● Aim of the exercise: Omit the pictures and retype only the lines from the one containing "직전에만 SQL를 날려주면된다.]" through the end of the listing, both ends included.

● Source data:
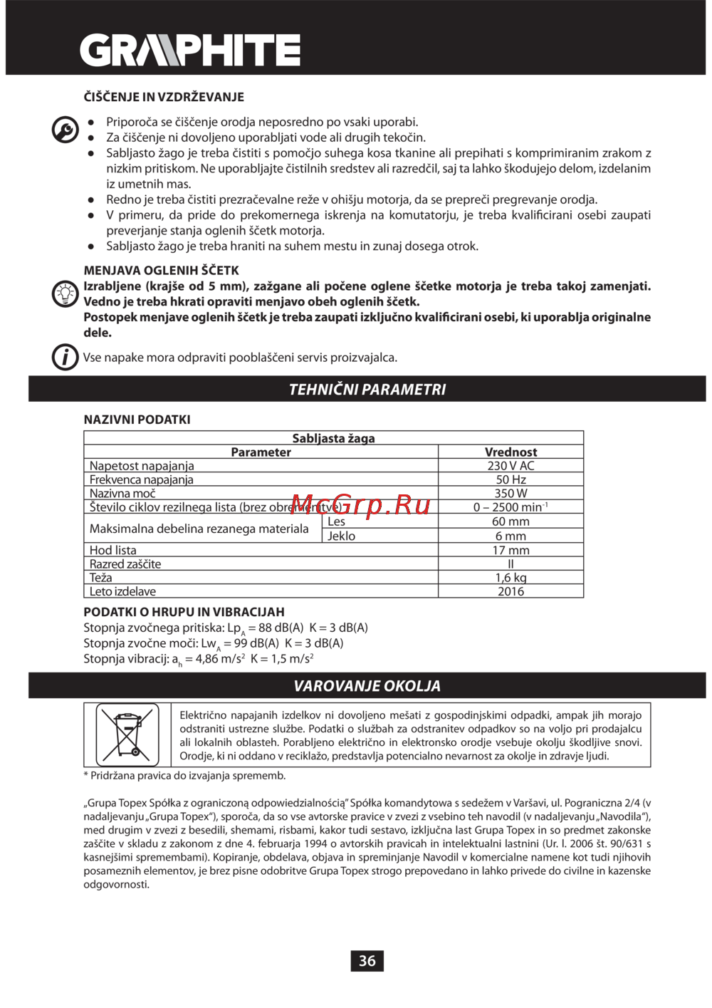GRAPHITE 58G960 [36/64] Varovanje okolja
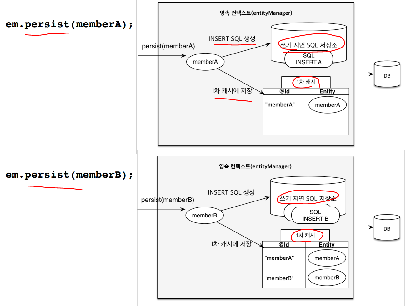 • 트랜잭션이라는 작업 단위가 중요 -> 커밋 직전에만 동기화하면 됨 [ 커밋 직전에만 SQL를 날려주면된다.]
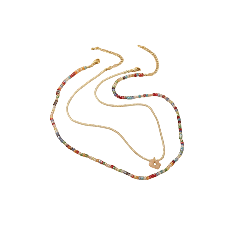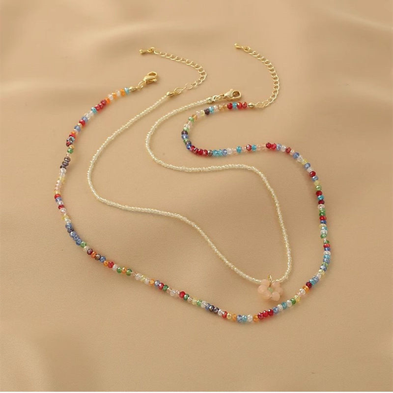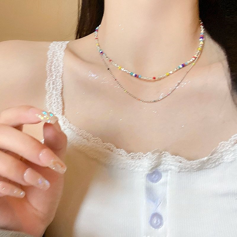 彩色双层串珠项链女款2024新款爆款颈链轻奢小众设计感锁骨链爱心
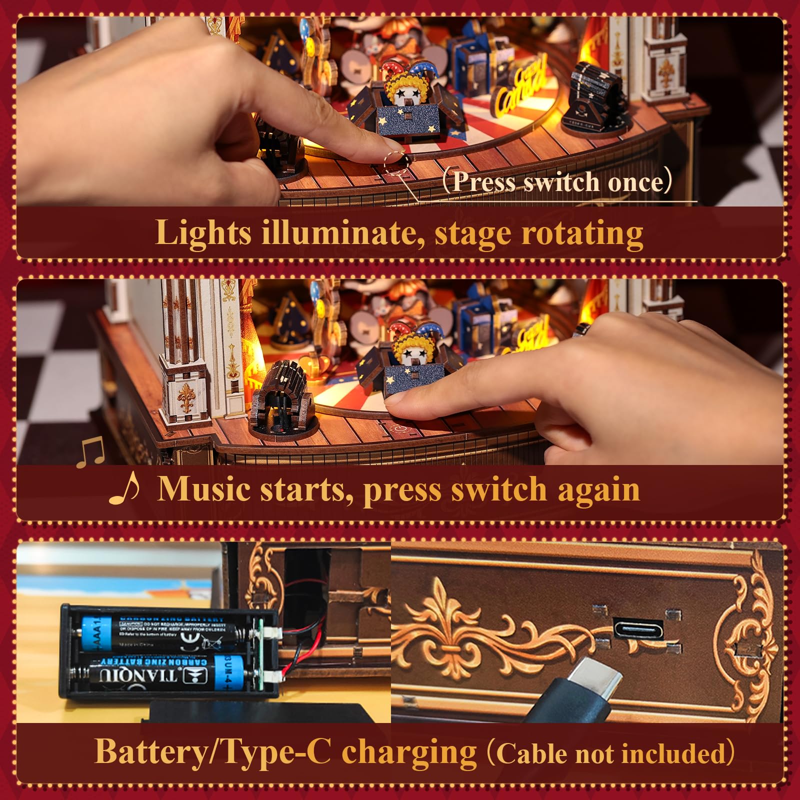 - Unique Gift Idea for Readers & Crafters - No one would refuse such a creative gift! This miniature house music box kit for adults is more refined than an ordinary handicraft. A must-have 3d puzzle kit for puzzle lovers, theater fans and collectors. Surprise a friend with this rotating music box wooden theater kit—a unique gift for birthdays, holidays, Christmas, Thanksgiving day, Valentine's Day.

● Written response:
 • 트랜잭션이라는 작업 단위가 중요 -> 커밋 직전에만 동기화하면 됨 [ 커밋 직전에만 SQL를 날려주면된다.]
 彩色双层串珠项链女款2024新款爆款颈链轻奢小众设计感锁骨链爱心
 - Unique Gift Idea for Readers & Crafters - No one would refuse such a creative gift! This miniature house music box kit for adults is more refined than an ordinary handicraft. A must-have 3d puzzle kit for puzzle lovers, theater fans and collectors. Surprise a friend with this rotating music box wooden theater kit—a unique gift for birthdays, holidays, Christmas, Thanksgiving day, Valentine's Day.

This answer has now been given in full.